For the records below, report how many lines include "Farmer", with no accompanying text.
= Beginning of Section =
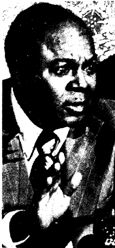
James Farmer Civil Rights Leader

Farmer, executive director of the Coalition of American Public Employees, a political arm of public employee unions, said the time has passed for a recognizable leader in the mold of the late Martin Luther King Jr. to emerge in the drive for equal opportunity. Much as whites are splintered into different groups, he said, minorities also
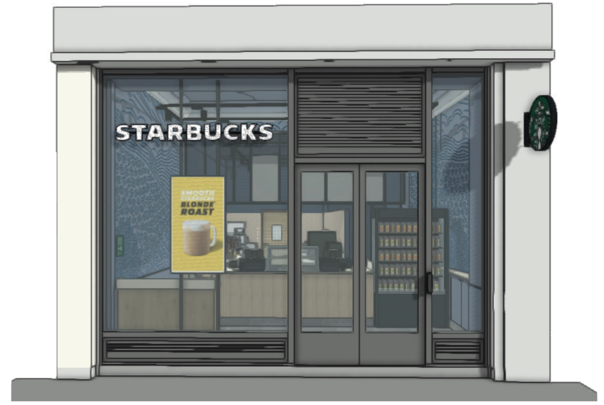
Proposed front elevation render (nts)

Existing aluminium frame to be repainted RAL 7021
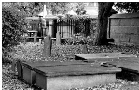
Jewish Cemetery at Newport, Rhode Island, 2007
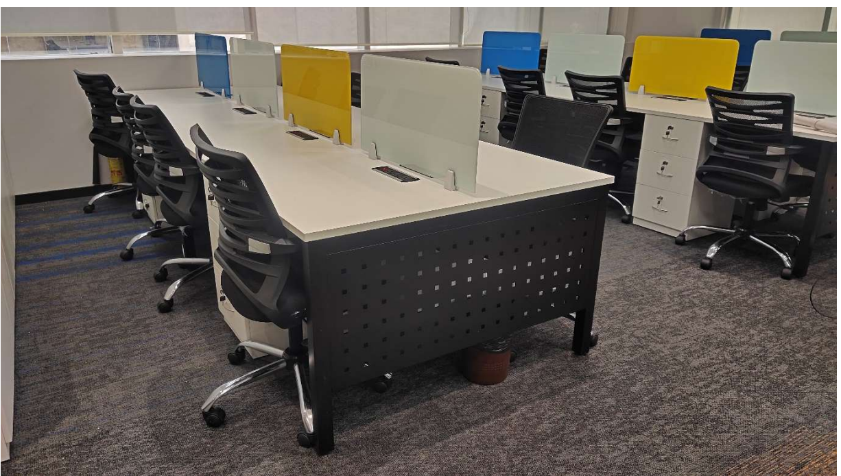
Desking Systems - Images
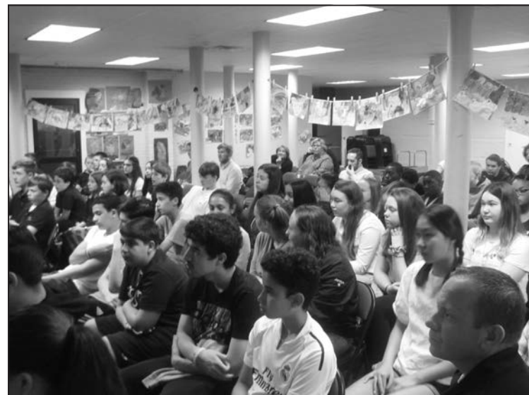
Crowd of Students at Event.
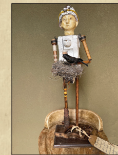
Liz Moores Sculpture & Mixed Media
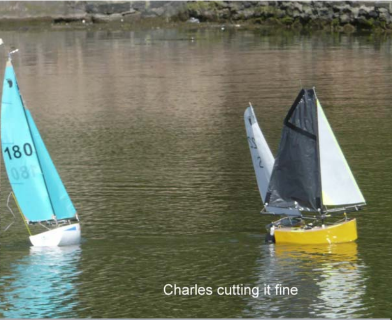
Charles cutting it fine
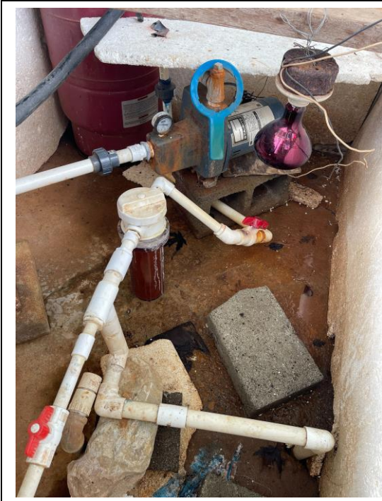
Upper right corner of photograph
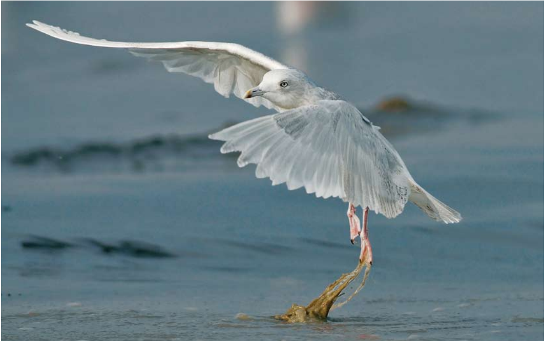
182 Kleine Burgemeester / Iceland Gull Larus glaucooides , tweede-winter, paal 28, Texel, Noord-Holland, 5 februari 2012 (René Pop)
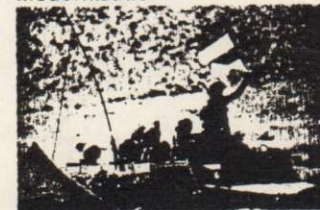
The 20th Century: The Recent Years – Conflict and the Search for Solutions
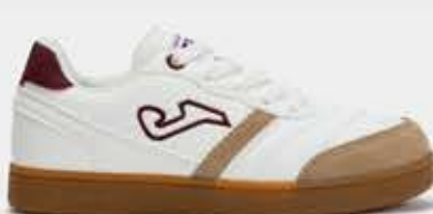
JMUNW2502 - 41,99€
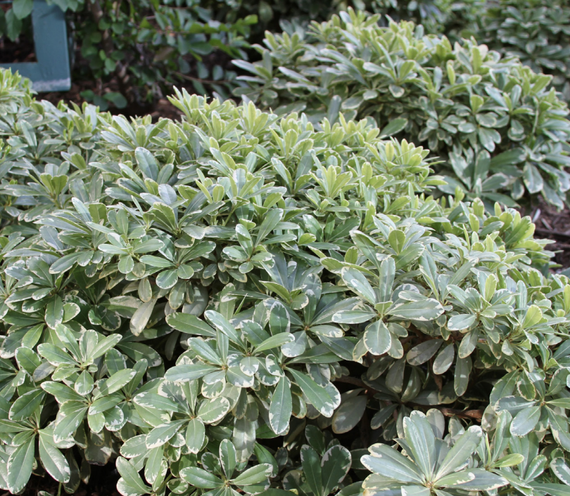
PITTOSPORUM TOBIRA 'CREAM DE MINT' (CREAM DE MINT PITTOSPORUM) HEIGHT: 2' - 2.5' SPREAD: 2' - 2.5'
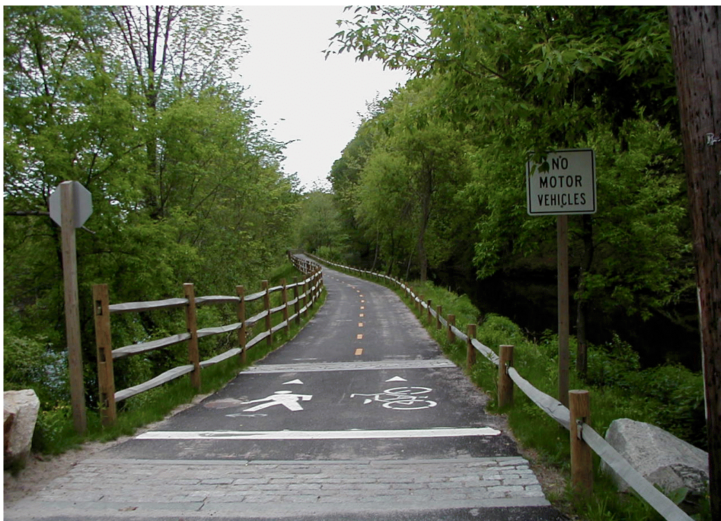
Blackstone River Bikeway, Lincoln, RI

U.S. EPA, Region I Offices of Site Remediation and Restoration March, 2002
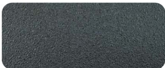
Pearl texture super fine
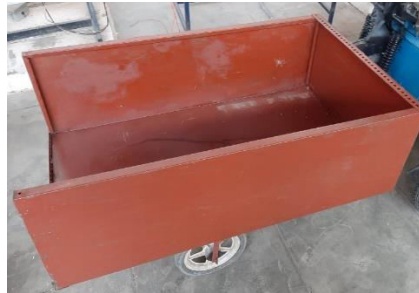
Fig. 15. Trolley

7.Trolley: The trolley frame was constructed by cutting the L-section plates of suitable size and welding them together. Later on, various cross members were welded to the trolley frame which acts as the load carrying members of the trolley. Finally, a GI sheet was placed on trolley in order to facilitate proper placement of goods.
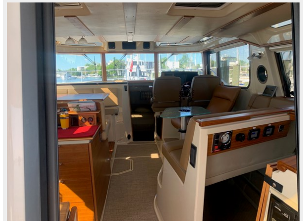
2023 Ranger Tugs 43 Command Bridge - Looking forward at helm
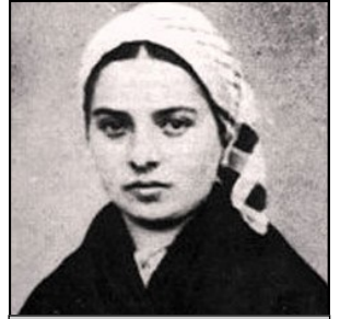
St Bernadette of Lourdes
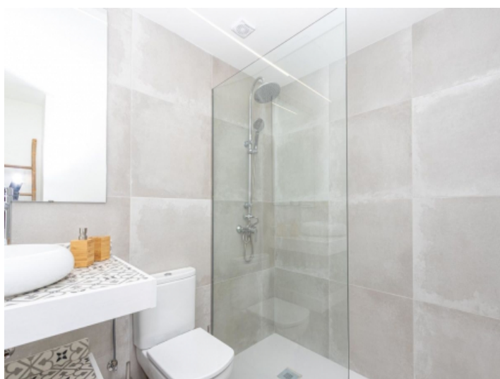
Modern shower bathroom
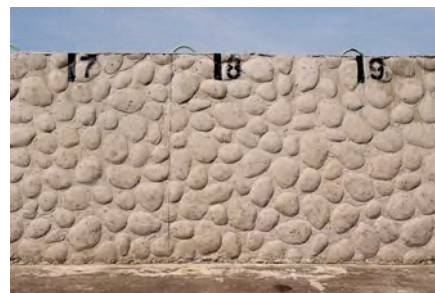
Shallow Relief Cobble

The test vehicles snagged on the large cobble and shallow relief cobble, resulting in substantial occupant compartment deformation. The diagonal rib pattern (ribs angled 45 degrees to the roadway) caused the impacting vehicle to climb up the face of the barrier and roll over. These three textures were judged to be unacceptable. The rib pattern was also considered unacceptable regardless of angle because it was damaged so extensively by the impact of a subcompact sedan.
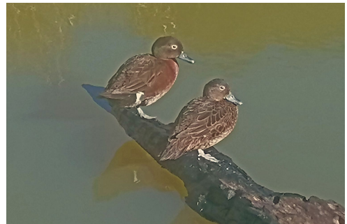
A pair of Pateke (Brown Teal) roosting in Colville Bay
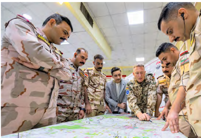
Combined Arms Training Course (CAT-C), May-June 2024
= End of Section =
**Completed exercise**
2